Trained therapists say confronting of fears should only be done in a systematic hierarchal manner. What if public speaking is way up on your hierarchal scale? I can also quote an expert on SAD that forcing yourself into situation you are not ready for can set you back. And what about the water boarding? I guess you would agree there's nothing wrong with that since terrorists get to confront their fears of drowning and that only makes them better persons.


----------



## CoconutHolder (Oct 13, 2007)

I haven't gotten a letter for jury duty in years. But I have gotten one when my SA was at its worst. I just checked off to ask to be exempt and my reasoning was because of my anxiety disorder. I was excused no problem. However if I got one now I'd go, I'm not nearly as bad as I used to be.


----------



## Becky (Nov 5, 2003)

The last thing I ever want is to be called for jury duty. The thought of it scares me to death. :afr


----------



## Kelly (Dec 12, 2003)

sprinter said:


> Trained therapists say confronting of fears should only be done in a systematic hierarchal manner. What if public speaking is way up on your hierarchal scale? I can also quote an expert on SAD that forcing yourself into situation you are not ready for can set you back. And what about the water boarding? I guess you would agree there's nothing wrong with that since terrorists get to confront their fears of drowning and that only makes them better persons.


Jury duty is hardly ever a surprise. You get the notice in the mail weeks in advance. You have a ton of time to prepare yourself for it. If you aren't, you have plenty of time to get out of it. If your therapist says that it will do more harm than good, then you can get out of it easily with a medical notice.
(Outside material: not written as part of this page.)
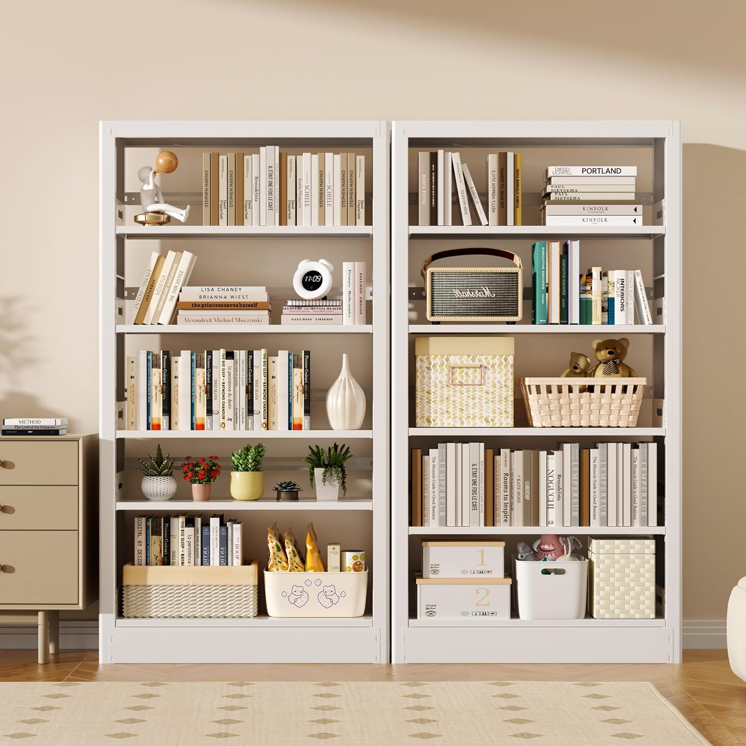 - FLOOR STANDING BOOKCASE WITH ADJUSTABLE SHELVES: This 5 tier bookshelf features a popular size of 11.8"D x 37.4"W x 70.9"H. The white bookshelf has a unique interlocking design that allows for easy shelf adjustment of easy shelf without the need for screws. You can change the height of the bookcase based on the size of your books and other items whenever necessary. This design not only simplifies assembly and adjustments but also enhances the versatility of the bookshelves. As a result, this adjustable bookshelf is suitable for use in a study, living room, office, or library

Comparing an everyday act that people without anxiety disorders have no problems with CANNOT in any way be compared to water boarding or any other real act of torture. To even suggest that they are in any way similar to torture, because people with SAD have extenuating circumstances that make the activity more difficult than it normally would be, is ridiculous and I cannot take such statements seriously. :roll

Have a nice day,
Kelly


----------



## sprinter (Nov 22, 2003)

Kelly said:


> sprinter said:
> 
> 
> > Trained therapists say confronting of fears should only be done in a systematic hierarchal manner. What if public speaking is way up on your hierarchal scale? I can also quote an expert on SAD that forcing yourself into situation you are not ready for can set you back. And what about the water boarding? I guess you would agree there's nothing wrong with that since terrorists get to confront their fears of drowning and that only makes them better persons.
> ...


I think you are failing to realize that to some people with severe SAD the whole judy duty thing is torture. That includes the anticipatory anxiety that goes along with it. It's not always easy to get out of it either some counties are rather draconian about it. As for the water boarding yeah no analogy is perfect, actually I wasn't even comparing water boarding to jury duty but comparing the outrage over it compared to some counties total lack of empathy to people with SAD.



> Every time someone confronts a fear, it makes them a stronger person.


 I cannot take such statements seriously. You have proof for that? :roll


----------



## Kelly (Dec 12, 2003)

sprinter said:


> I think you are failing to realize that to some people with severe SAD the whole judy duty thing is torture. That includes the anticipatory anxiety that goes along with it. It's not always easy to get out of it either some counties are rather draconian about it. As for the water boarding yeah no analogy is perfect. But apparently the person enduring the water boarding is not in any real danger and I just saw a journalist voluntarily endure water boarding so maybe it's not so bad.


I think everyone on this board has to deal with situations that give them anticipatory anxiety on a fairly frequent basis. Why is the anticipatory anxiety associated with jury duty something special? What I'm getting at here is: People with SAD deal with anxiety on a regular basis. It's a fact of life - of our lives. Getting a jury duty summons in the mail will trigger nothing more than the anxiety we should all be accustomed to experiencing by now. (And when I say "accustomed" I don't mean that we are okay with it. I just mean that we're used to it being there.) If someone's anxiety is so severe that even getting the letter in the mail is so anxiety provoking that it can be compared with torture procedures that should be banned by international law, then I really, really hope that they are doing *something* in their lives that can help them better deal with situations like this.



> I cannot take such statements seriously. You have proof for that? :roll


One "proof" is called exposure therapy.

Another is called "living every day." Everytime someone has to do something problematic and they actually go through and do it and it didn't kill them - would you say doing it made them a weaker person? Would you say they stayed neutral and accomplished nothing? Or would you say that they survived the situation and are better off in some way because of it? For example, if you were forced into an anxiety provoking situation that you could not get out of, got through it and survived - just because you didn't enjoy it doesn't mean that you failed. People do ****ty things they don't enjoy everyday. And yes, maybe the next time you are forced into the situation, the anxiety will still be there, but at least you'll know going in that you can get through it.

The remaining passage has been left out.